---
jupytext:
  formats: ipynb,md:myst
  notebook_metadata_filter: all,-language_info,-toc,-latex_envs
  text_representation:
    extension: .md
    format_name: myst
    format_version: 0.13
    jupytext_version: 1.16.6
kernelspec:
  display_name: Python 3 (ipykernel)
  language: python
  name: python3
---

(week7:fmask)=
# Using fmask to mask water pixels


## Intoduction


- Download the `fmask.ipynb` notebook from week7 in our
[gdrive folder](https://drive.google.com/drive/folders/1-D6y9MlE8LZRLZg-qRCxPZSgar8kGjBT?usp=drive_link)

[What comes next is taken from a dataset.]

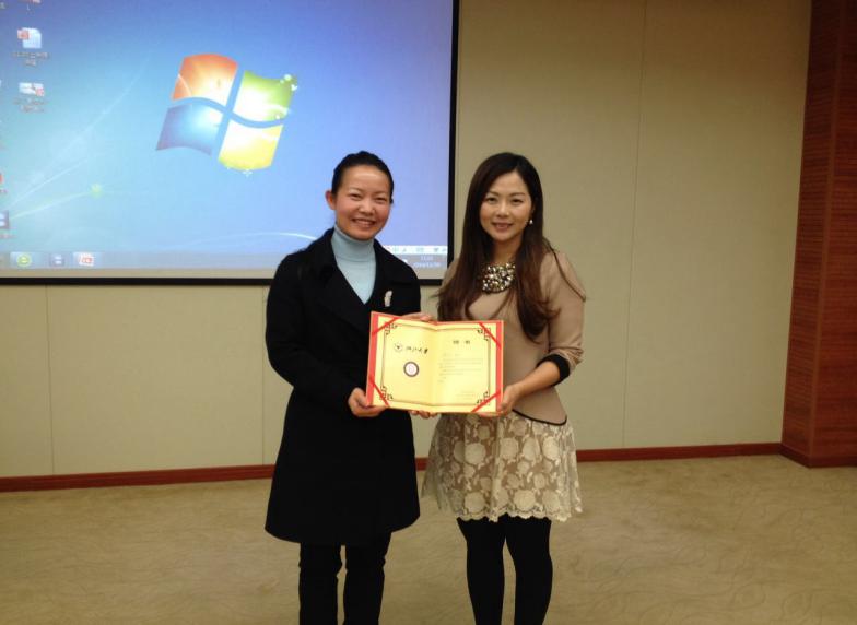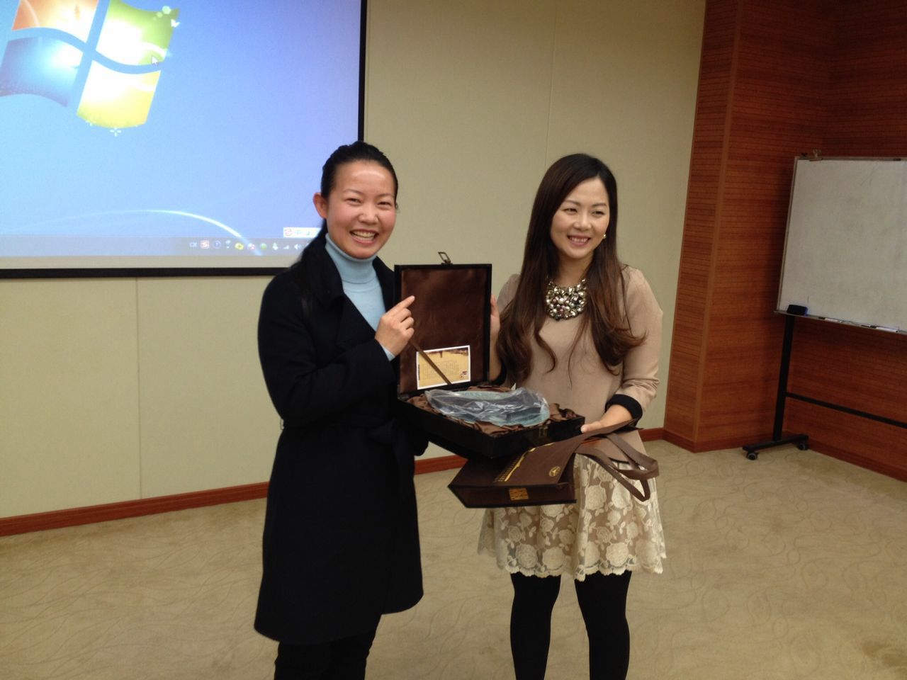 讲座的最后,威尼斯144777欢迎您党委副书记卢军霞老师代表培训班向黎洁老师颁发聘书和礼品。

- Download the folder `downloads/vancouver/week7` containing the clipped tif files produced by v0.2 of {ref}`week4:clip_bands` and a new fmask file  `~/repos/a301/satdata/landsat/vancouver`



In {ref}`week7:false_color` we created false color images using 3 bands.  One problem with
those images is that half of the scene was water, which we aren't particularly interested
in.  In this notebook we use a mask file downloaded from NASA (`HLS.L30.T10UDV.2015165T190019.v2.0.Fmask.tif`) using {ref}`week2:hls` to remove all the water pixels.  It cleans up the joint histograms significantly.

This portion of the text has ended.